#### WORK INSTRUCTIONS
Beginning with the line below that contains "T-rex Santa In" and ending with the line that contains "H.A.G. Houghton, A", retype every line exactly. Pictures are not copied.

= = = = =

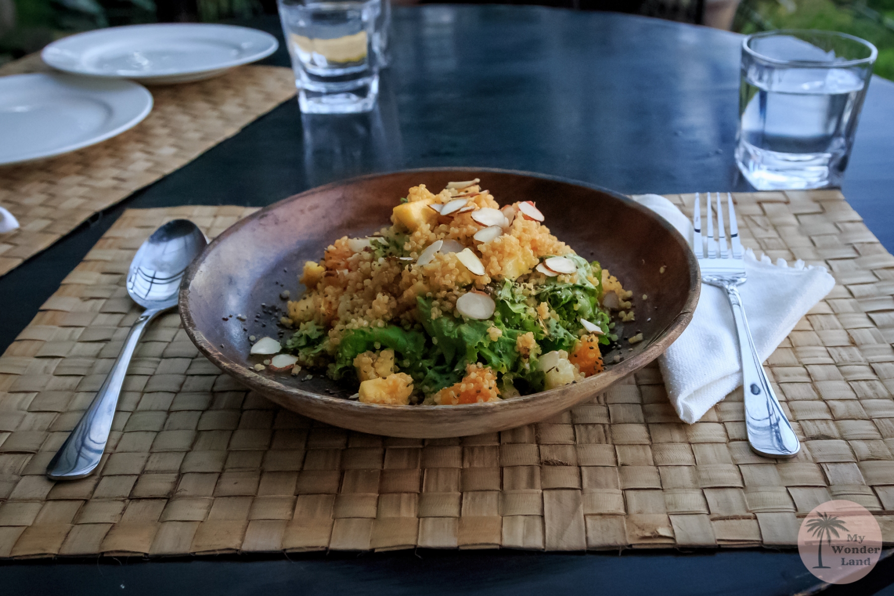 After we climbed the numerous stairs that lead up the hill from the back part of the beach, we were speechless. Not only the view itself was something we hadn’t expected, but also the extremely extraordinary interior. You immediately notice that the wife of the owner couple has learned interior designer.
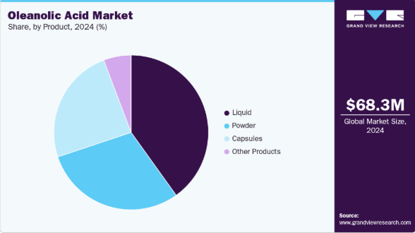 2024年には天然セグメントが売上高シェア54.34%で支配的だった。この成長は、実証済みの性能とクリーンラベルの訴求力により信頼が高まる植物由来活性成分が、医薬品・化粧品用途で優先的に選択されることに起因する。天然抽出プロセスが化合物の生物活性と治療的完全性を保持できる点がこの優位性を強化し、メーカーは規制基準と持続可能性基準の両方を満たす高性能で生体適合性の高い原料を提供可能となる。これにより天然由来オレアノール酸の継続的な選好と長期的な市場リーダーシップが確保される。
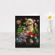T-rex Santa In Monster Truck With Christmas Trees Card
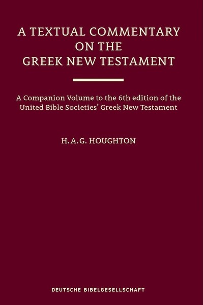 H.A.G. Houghton, A Textual Commentary on the Greek New Testament: A Companion to the Sixth Edition of the United Bible Societies’ Greek New Testament, Stuttgart: Deutsche Bibelgesellschaft, 2025, 620 Seiten, 32,00 Euro.
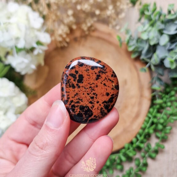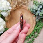 Verbonden met het Wortelchakra, biedt mahonie obsidiaan diepe aarding en bescherming tegen negatieve energieën. Via het Sacraalchakra stimuleert hij passie, creativiteit en emotionele stabiliteit. Deze steen helpt om beperkende overtuigingen los te laten en moedigt je aan om in je kracht te staan en vooruit te bewegen met vastberadenheid.
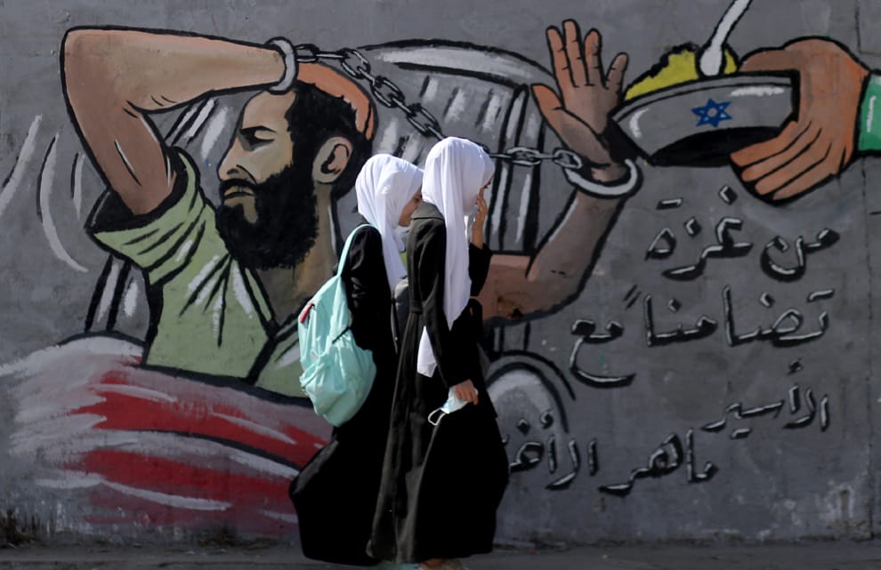 在加薩走廊,兩名學生走過一幅壁畫,這幅壁畫描繪了被以色列監禁、絕食抗議中的巴勒斯坦男子阿赫拉斯(Maher Al-Akhras)。
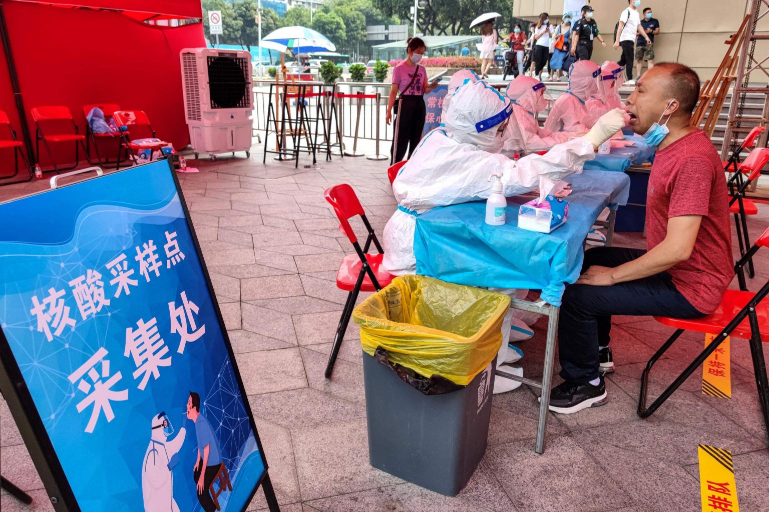 A man taking a nucleic acid test in Shenzhen, in China's southern Guangdong province.
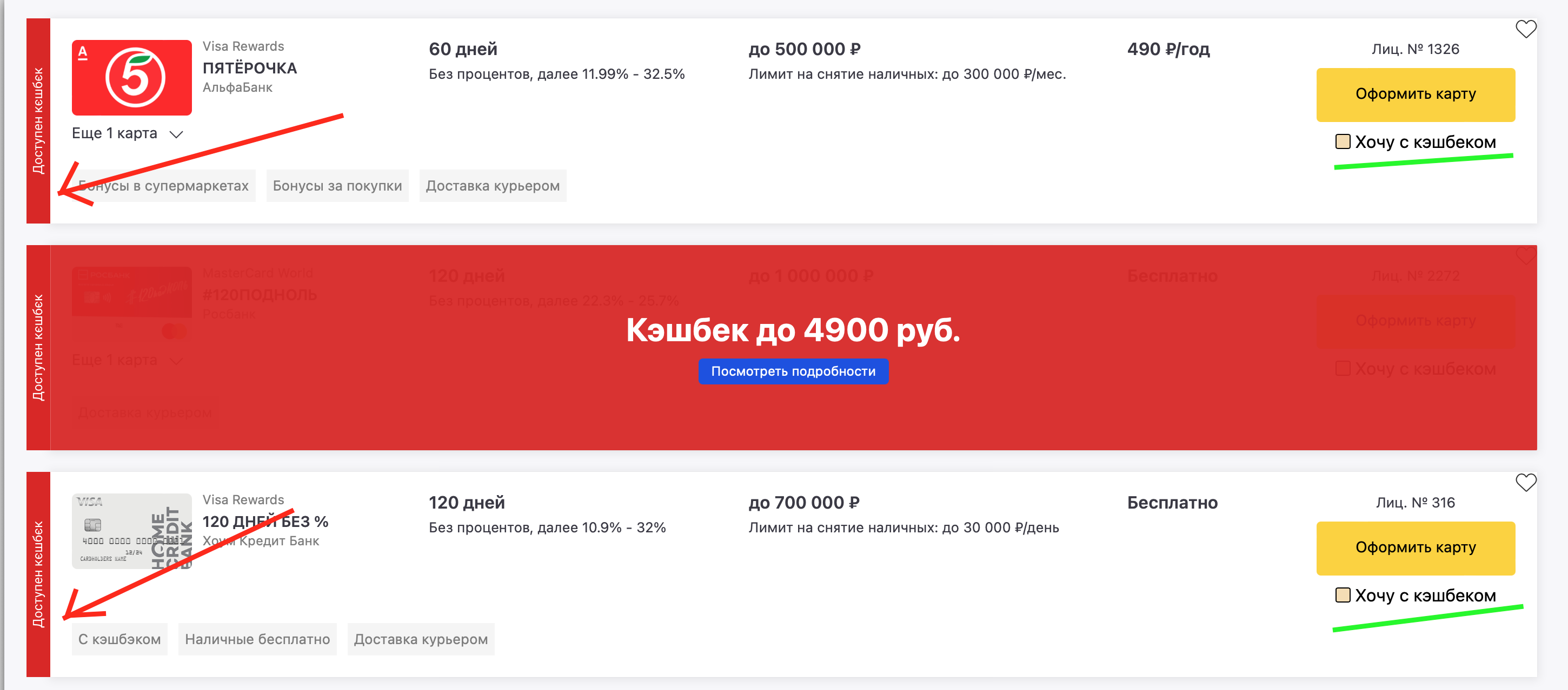 Большенство карт имеют кэшбэк, но стоит различать карту с кэшбэком и кэшбэк-сервис который возвращает деньги за оформления карты. Фильтр обведенный зеленым «Толко с кэшбэком» отображает все карты за которые вы гарантированно получите кэшбэк от нас.
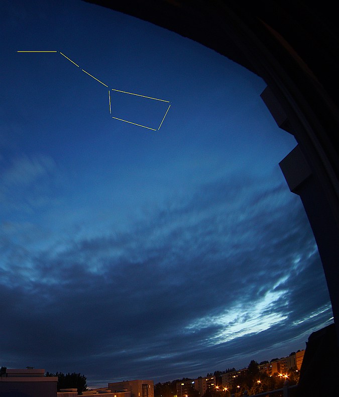 So schöne NLC wie letzte Nacht habe ich hier noch nicht gesehen. Um 4.15 Uhr MESZ = 3.15 Uhr MEZ waren sie noch ein wenig klein, da weit weg: Mit etwas Zoom: Das NLC-Feld zog recht schnell in Richtung SW, also auf mich zu. Um 4.30 Uhr Sommerzeit reichten sie schon bis fast in den Zenit, wurden aber in der Dämmerung auch blasser: So hoch reichende Leuchtende Nachtwolken habe ich hier bisher noch nicht beobachtet.

= = = = =

#### WRITTEN REPLY
T-rex Santa In Monster Truck With Christmas Trees Card
 H.A.G. Houghton, A Textual Commentary on the Greek New Testament: A Companion to the Sixth Edition of the United Bible Societies’ Greek New Testament, Stuttgart: Deutsche Bibelgesellschaft, 2025, 620 Seiten, 32,00 Euro.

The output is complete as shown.